__Your task__. Only the lines from the one containing "Migrant workers undergo" through the end of the entries are wanted, retyped exactly and without pictures.

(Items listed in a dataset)
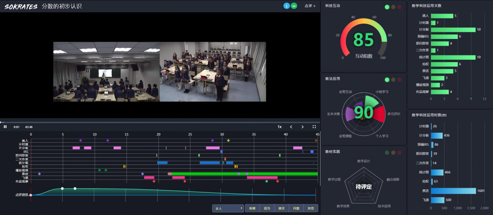 在探究新知的過程中,首先運用智慧教室抽人、搶權(quán)回應(yīng)老師提出的問題,達(dá)到擴大關(guān)注、重視個體反饋和促進公平的目的,并且及時評價與激勵。其次充分利用HiTeach電子白板批注功能及時生成學(xué)生課堂資源,運用隨機抽取功能、搶答功能、推送、拍照、飛遞、評量、二次選擇、飛訊等機制。讓師生互動與小組合作,更高效進行。在小組合作中,采用TBL團隊學(xué)習(xí)模式,進行異質(zhì)分組,平板推送學(xué)習(xí)內(nèi)容,探究除了二分之一以外的其他分?jǐn)?shù)。建設(shè)小組團隊合作能力,構(gòu)建互相信任、共同承擔(dān)的意識。在學(xué)生領(lǐng)會學(xué)習(xí)知識的方法和要領(lǐng)以后,及時利用智慧課堂教學(xué)系統(tǒng)的IRS反饋功能和作品觀摩功能,實現(xiàn)人人互動,及時反饋,掌握結(jié)果,重視感受。運用智慧教室的數(shù)據(jù)分析統(tǒng)計功能,以看見學(xué)生的思維變化過程,重視學(xué)生的感受,有效利用數(shù)據(jù)進行決策與改變。在下課前,采取即問即答,并通過統(tǒng)計圖了解學(xué)生掌握知識的情況。最后及時總結(jié)評價小組表現(xiàn)。
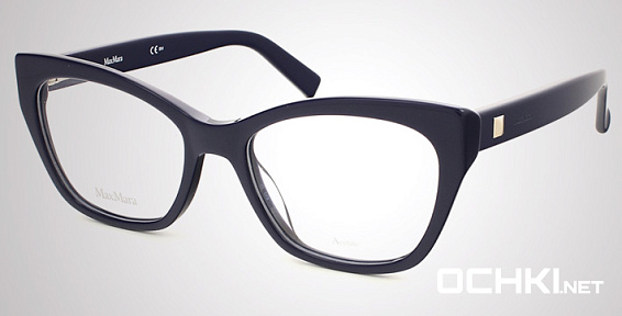 Кошачий глаз очки, из материала пластик и цвете синий помогут понять основные черты новой коллекции оправ модного бренда MAX MARA.
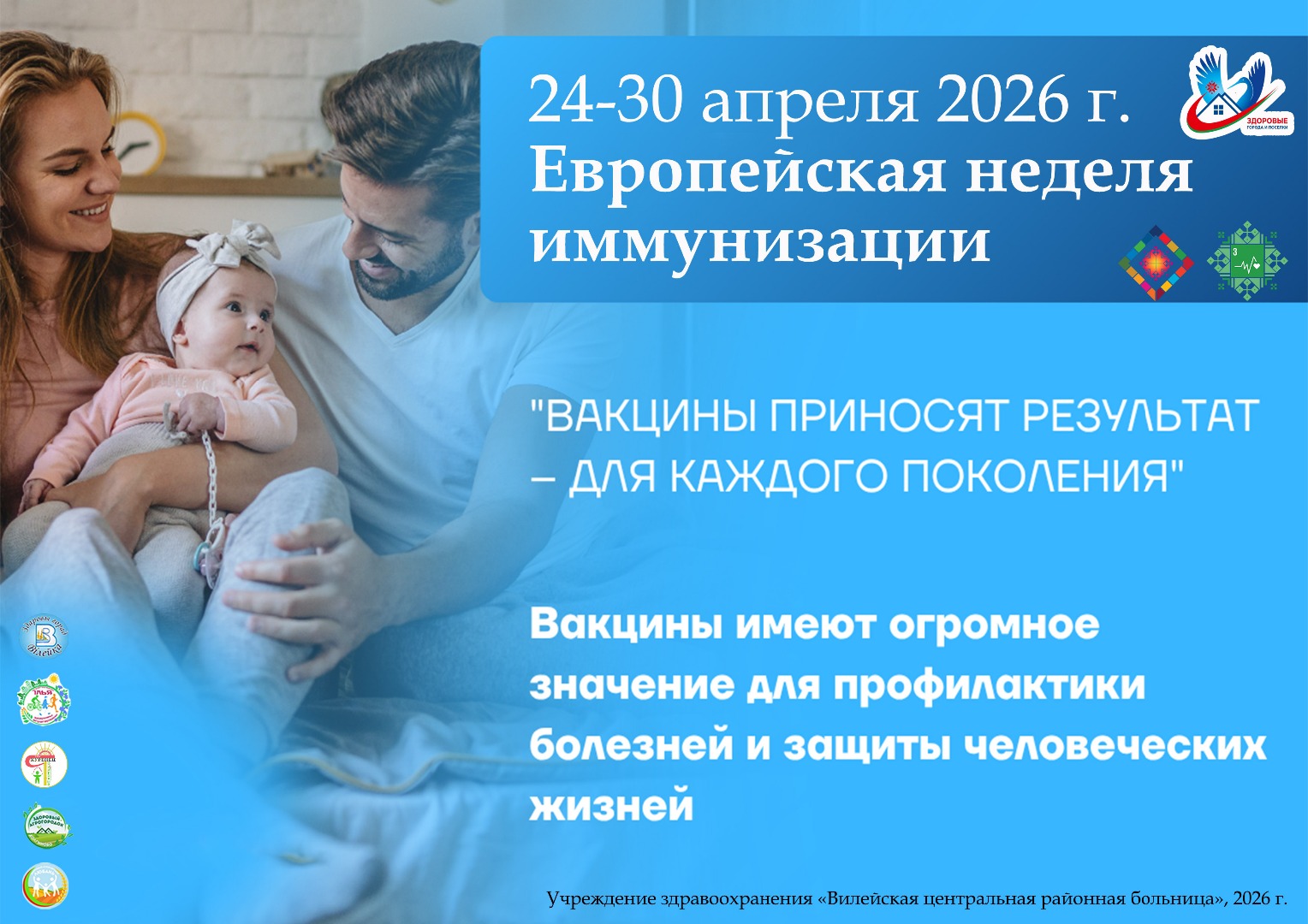 Каждый год в Европейском регионе ВОЗ проводится Европейская неделя иммунизации (ЕНИ), в целях популяризации идеи о том, что вакцины имеют огромное значение для профилактики болезней и защиты человеческих жизней. В этом году юбилейная, 20-я ЕНИ будет проходить под лозунгом "Вакцины приносят результат – для каждого поколения".
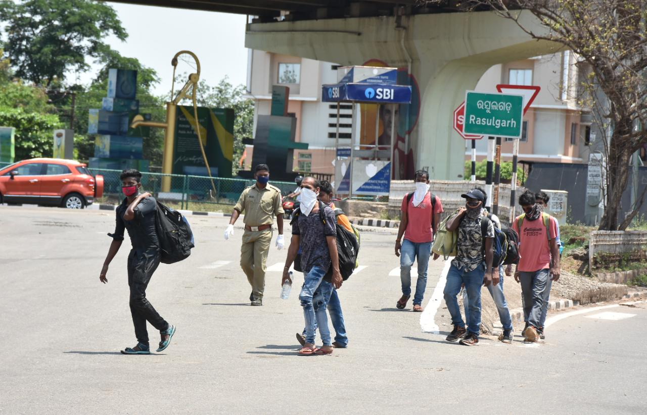 Migrant workers undergo registration at Rasulgarh Square in Bhubaneswar
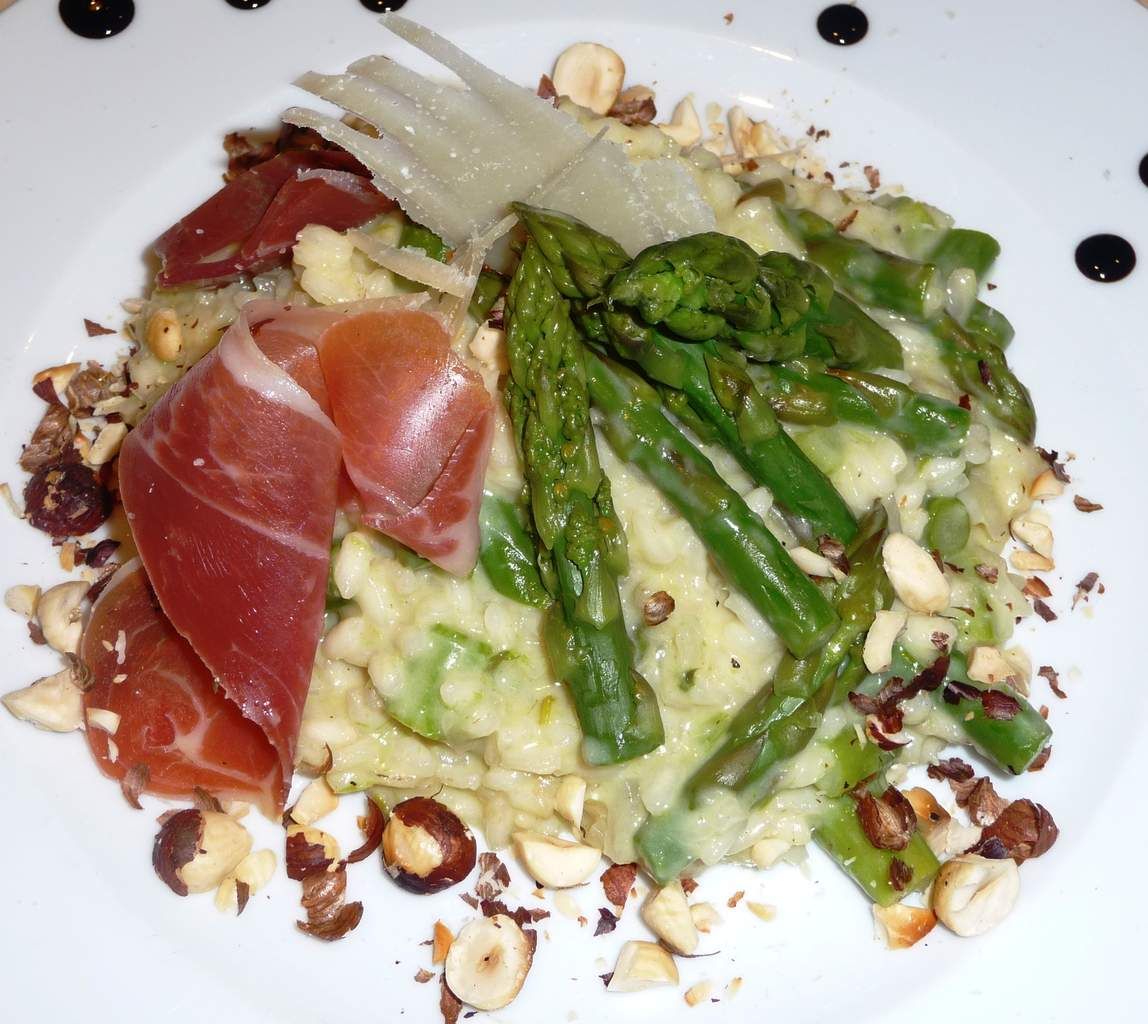Ce qui fait que ce risotto a un VRAI goût d'asperges! Le jambon cru se marie bien entendu parfaitement avec les asperges et les noisettes ajoutent du croquant et un petit goût extra à la recette.
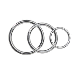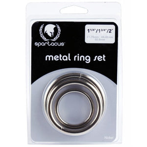 Metal cock ring set from Spartacus. 1.25" (31.75mm), 1.75" (44.45mm), 2" (50.8mm).
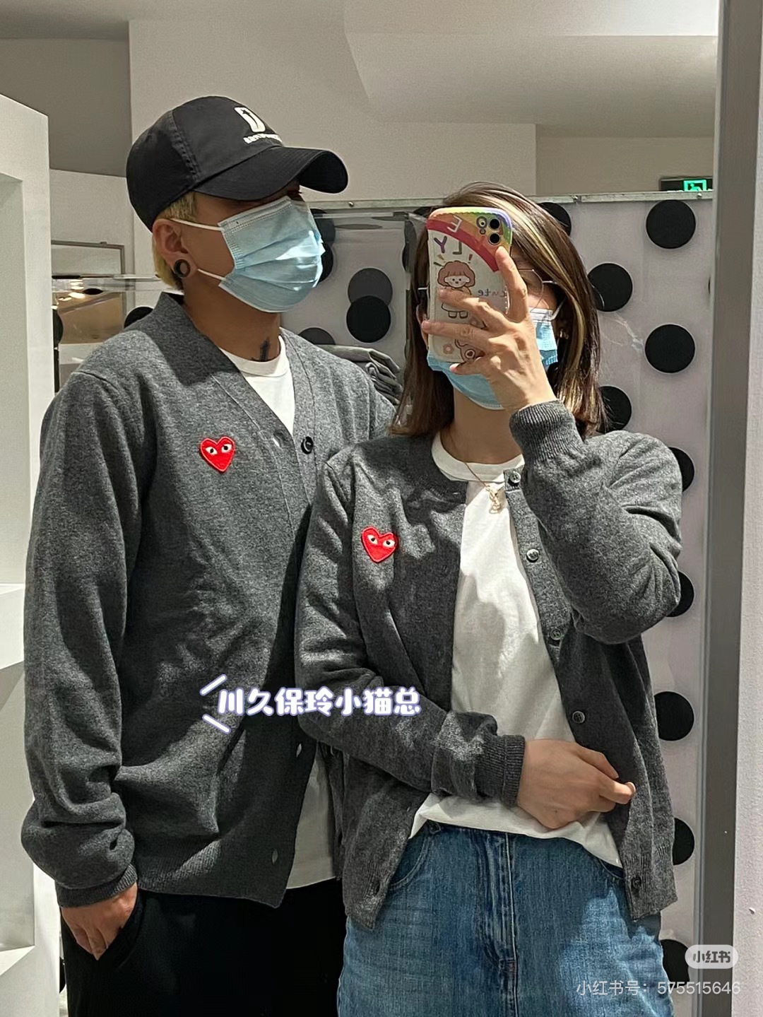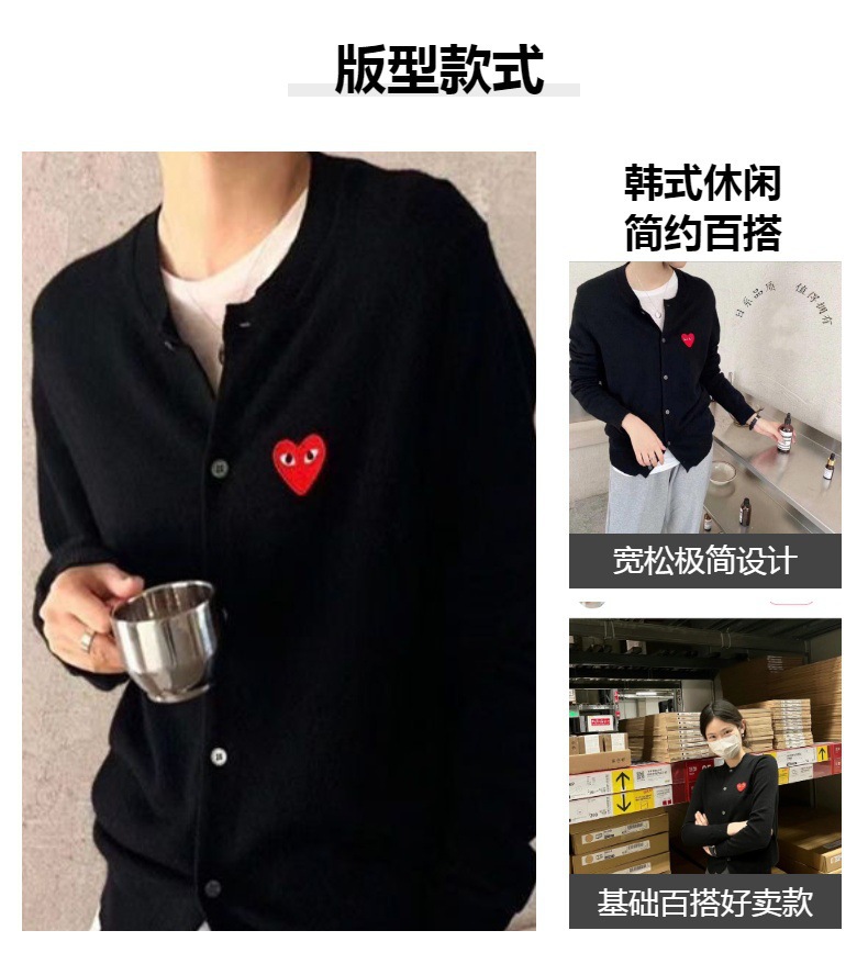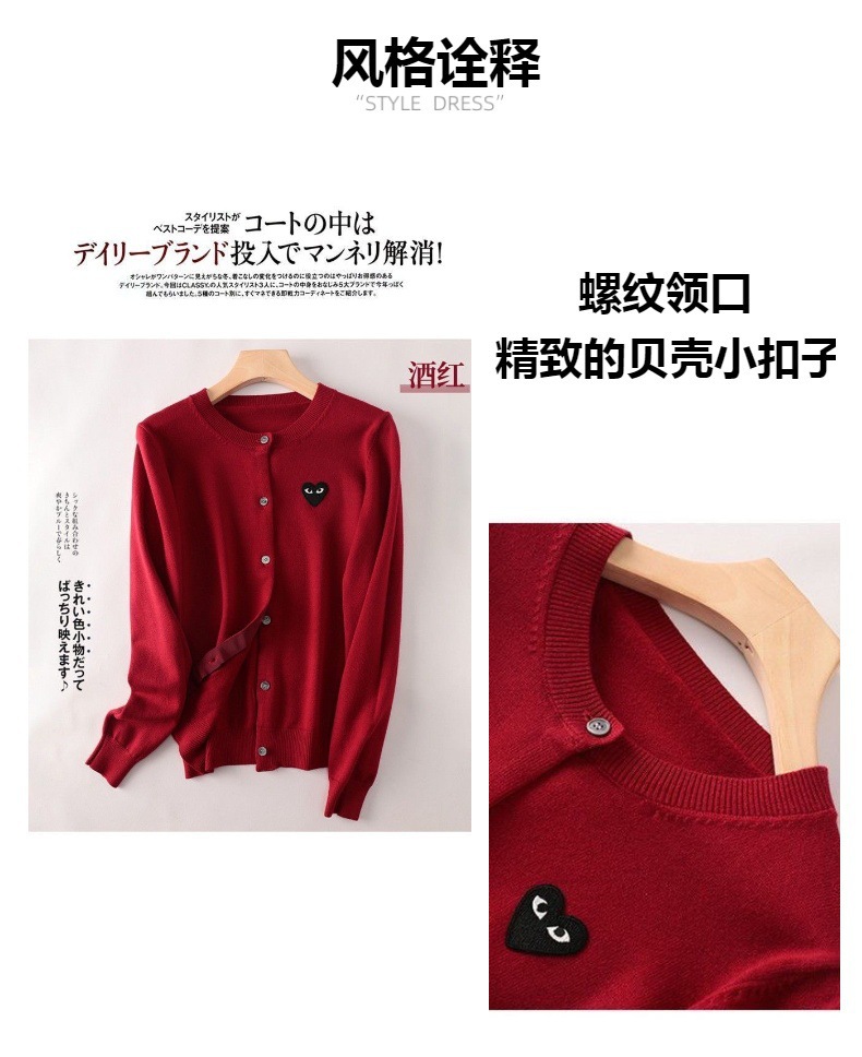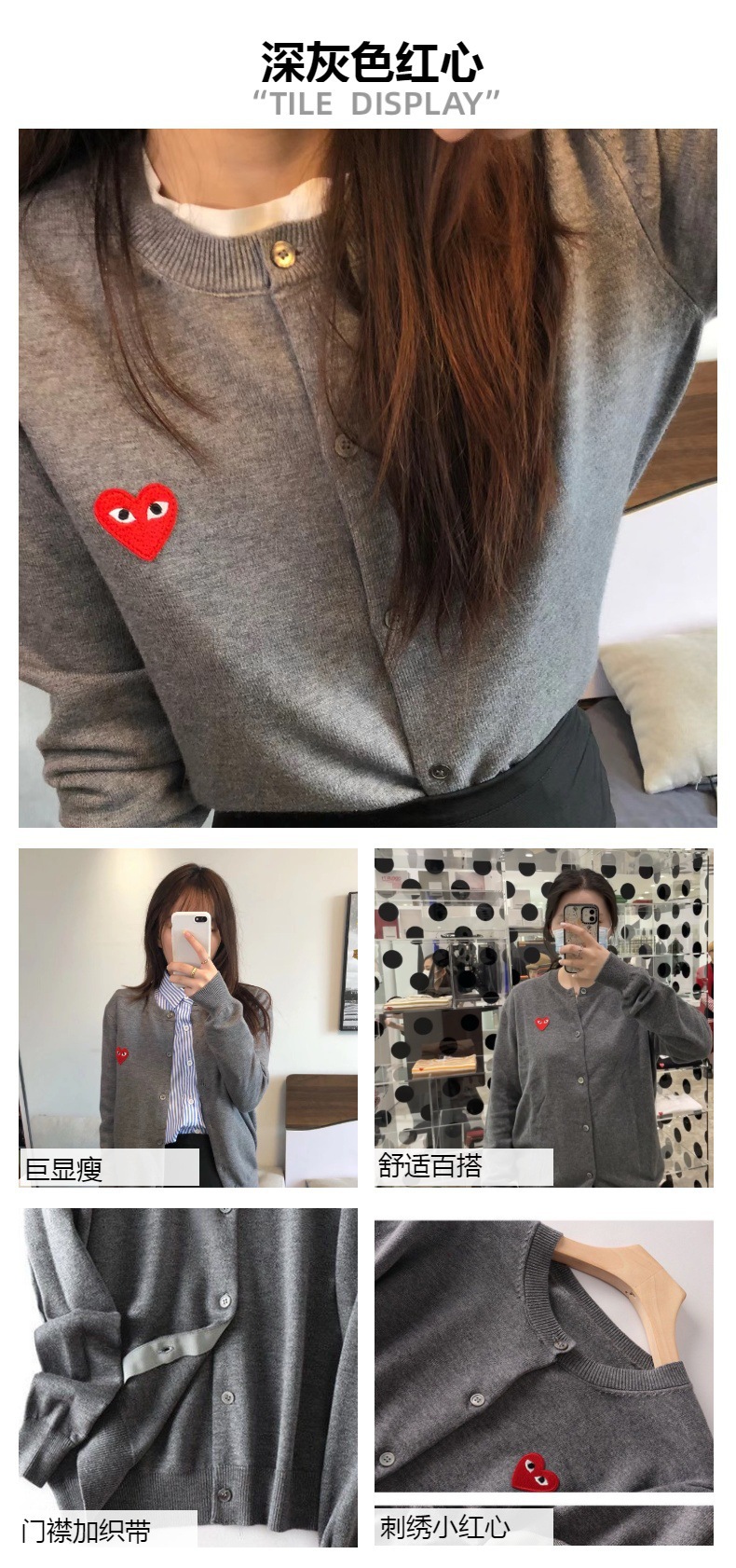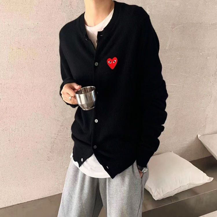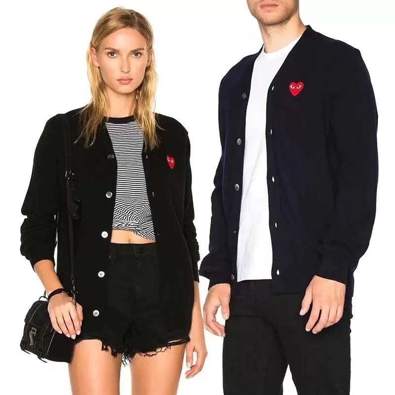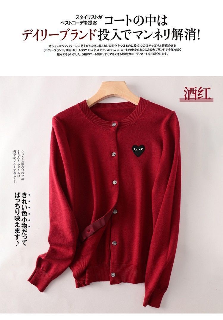 일본 카와쿠루 레드 러브 스웨터 남성과 여성 같은 스타일 커플 울 카디건 보링 스웨터 재킷 플레이 카디건

__Problem solution__.
 Migrant workers undergo registration at Rasulgarh Square in Bhubaneswar
Ce qui fait que ce risotto a un VRAI goût d'asperges! Le jambon cru se marie bien entendu parfaitement avec les asperges et les noisettes ajoutent du croquant et un petit goût extra à la recette.
 Metal cock ring set from Spartacus. 1.25" (31.75mm), 1.75" (44.45mm), 2" (50.8mm).
 일본 카와쿠루 레드 러브 스웨터 남성과 여성 같은 스타일 커플 울 카디건 보링 스웨터 재킷 플레이 카디건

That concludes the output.